*** Opening EXTRACTED RECORDS ***
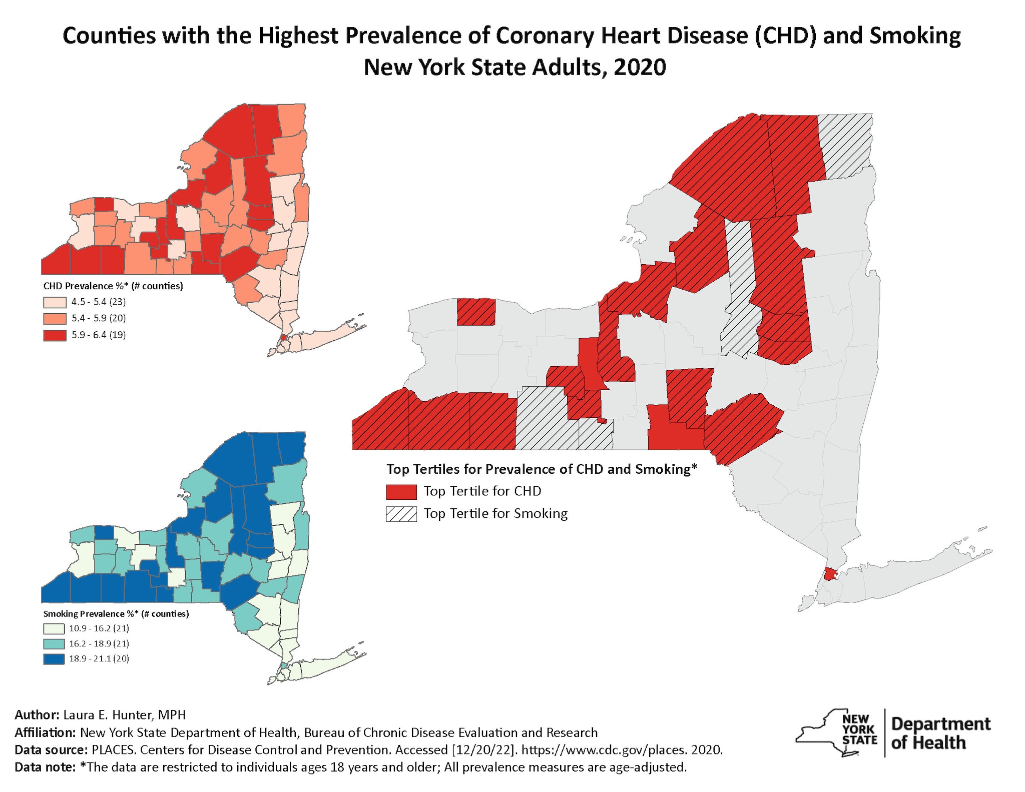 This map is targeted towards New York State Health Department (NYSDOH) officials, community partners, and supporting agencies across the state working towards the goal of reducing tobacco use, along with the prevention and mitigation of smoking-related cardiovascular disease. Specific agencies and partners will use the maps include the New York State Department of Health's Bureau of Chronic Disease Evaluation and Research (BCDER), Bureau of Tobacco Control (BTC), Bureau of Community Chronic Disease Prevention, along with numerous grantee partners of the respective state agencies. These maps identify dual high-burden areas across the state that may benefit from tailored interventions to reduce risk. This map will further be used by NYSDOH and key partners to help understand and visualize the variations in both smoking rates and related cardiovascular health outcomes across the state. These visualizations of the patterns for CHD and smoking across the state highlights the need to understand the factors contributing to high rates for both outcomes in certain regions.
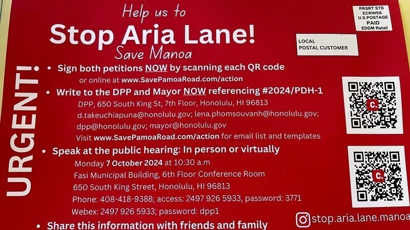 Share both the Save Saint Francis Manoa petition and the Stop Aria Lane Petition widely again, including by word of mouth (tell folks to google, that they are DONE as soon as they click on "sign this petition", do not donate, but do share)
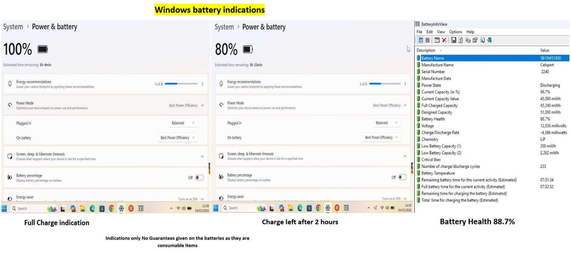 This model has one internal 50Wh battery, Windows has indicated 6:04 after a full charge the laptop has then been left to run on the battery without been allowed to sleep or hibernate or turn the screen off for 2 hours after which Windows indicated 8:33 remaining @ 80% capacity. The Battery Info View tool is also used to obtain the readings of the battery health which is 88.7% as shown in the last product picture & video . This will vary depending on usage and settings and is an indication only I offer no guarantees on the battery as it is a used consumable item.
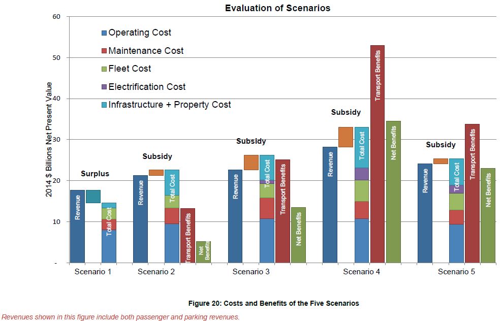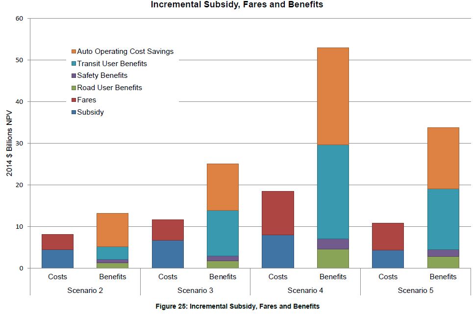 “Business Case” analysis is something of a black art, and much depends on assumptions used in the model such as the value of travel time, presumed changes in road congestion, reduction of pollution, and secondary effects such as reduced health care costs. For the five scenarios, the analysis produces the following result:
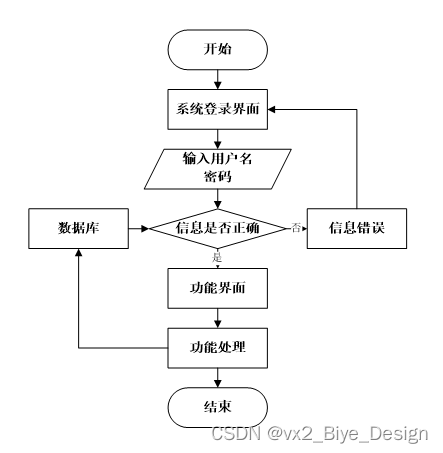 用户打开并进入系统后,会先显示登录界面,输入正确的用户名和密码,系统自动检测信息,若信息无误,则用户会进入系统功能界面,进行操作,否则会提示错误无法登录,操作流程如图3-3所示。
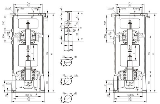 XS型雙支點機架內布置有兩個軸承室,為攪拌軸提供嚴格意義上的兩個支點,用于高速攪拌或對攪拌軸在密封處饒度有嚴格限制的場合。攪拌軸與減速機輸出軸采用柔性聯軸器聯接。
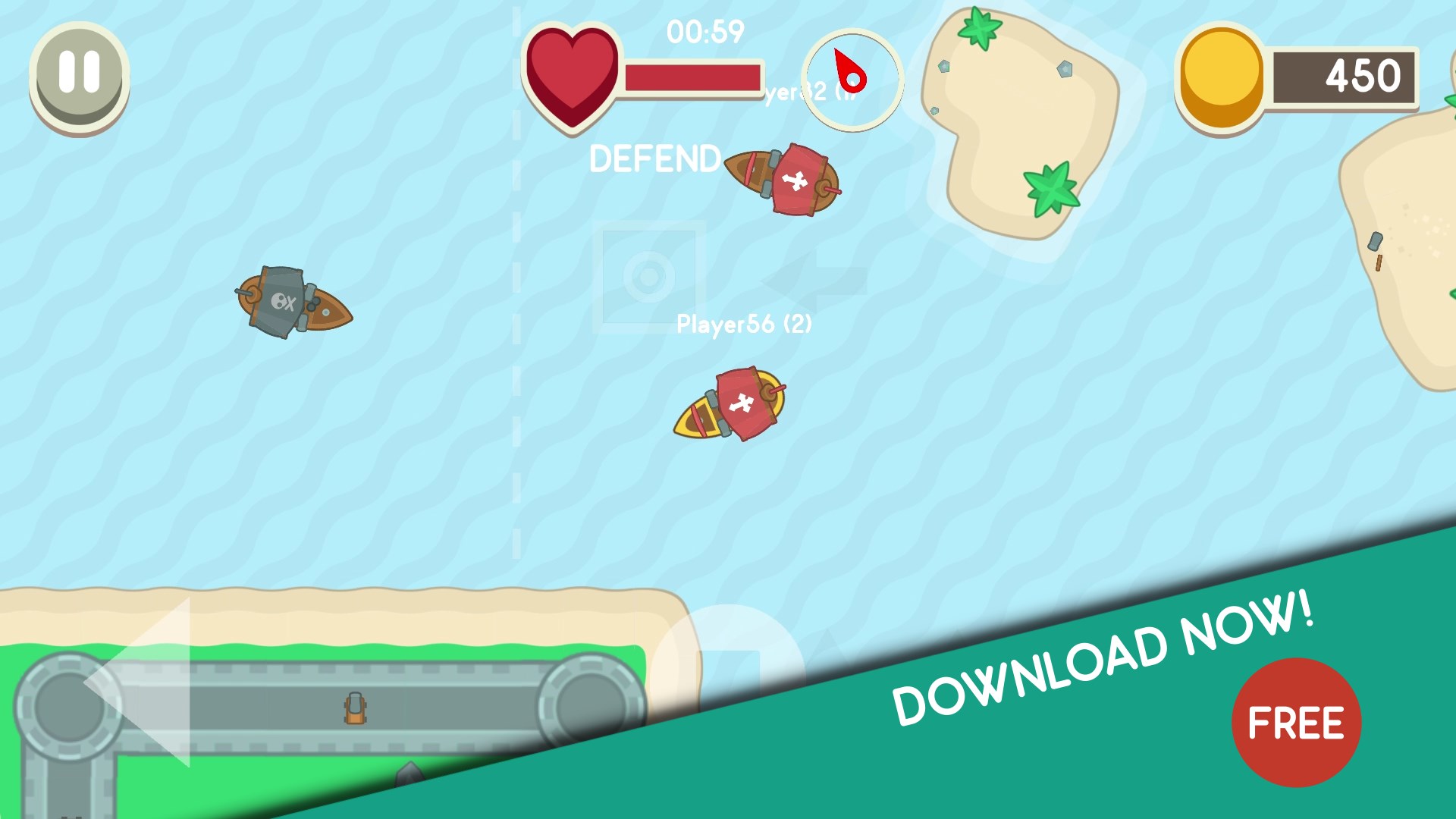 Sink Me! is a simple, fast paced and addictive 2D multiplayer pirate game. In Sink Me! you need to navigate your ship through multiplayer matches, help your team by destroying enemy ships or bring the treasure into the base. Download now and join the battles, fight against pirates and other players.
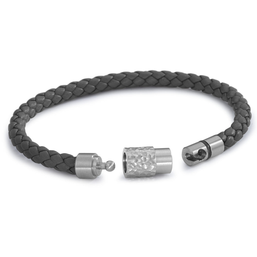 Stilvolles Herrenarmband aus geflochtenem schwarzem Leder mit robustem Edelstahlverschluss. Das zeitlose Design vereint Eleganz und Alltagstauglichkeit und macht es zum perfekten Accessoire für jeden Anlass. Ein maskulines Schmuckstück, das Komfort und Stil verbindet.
*** Closing EXTRACTED RECORDS ***
_EXERCISE DIRECTIONS:_
The line with "Share both the" ends the range, and the first line of the data begins it; repeat exactly those lines and nothing more, omitting pictures.

_ANSWER TO THE PROBLEM:_
 This map is targeted towards New York State Health Department (NYSDOH) officials, community partners, and supporting agencies across the state working towards the goal of reducing tobacco use, along with the prevention and mitigation of smoking-related cardiovascular disease. Specific agencies and partners will use the maps include the New York State Department of Health's Bureau of Chronic Disease Evaluation and Research (BCDER), Bureau of Tobacco Control (BTC), Bureau of Community Chronic Disease Prevention, along with numerous grantee partners of the respective state agencies. These maps identify dual high-burden areas across the state that may benefit from tailored interventions to reduce risk. This map will further be used by NYSDOH and key partners to help understand and visualize the variations in both smoking rates and related cardiovascular health outcomes across the state. These visualizations of the patterns for CHD and smoking across the state highlights the need to understand the factors contributing to high rates for both outcomes in certain regions.
 Share both the Save Saint Francis Manoa petition and the Stop Aria Lane Petition widely again, including by word of mouth (tell folks to google, that they are DONE as soon as they click on "sign this petition", do not donate, but do share)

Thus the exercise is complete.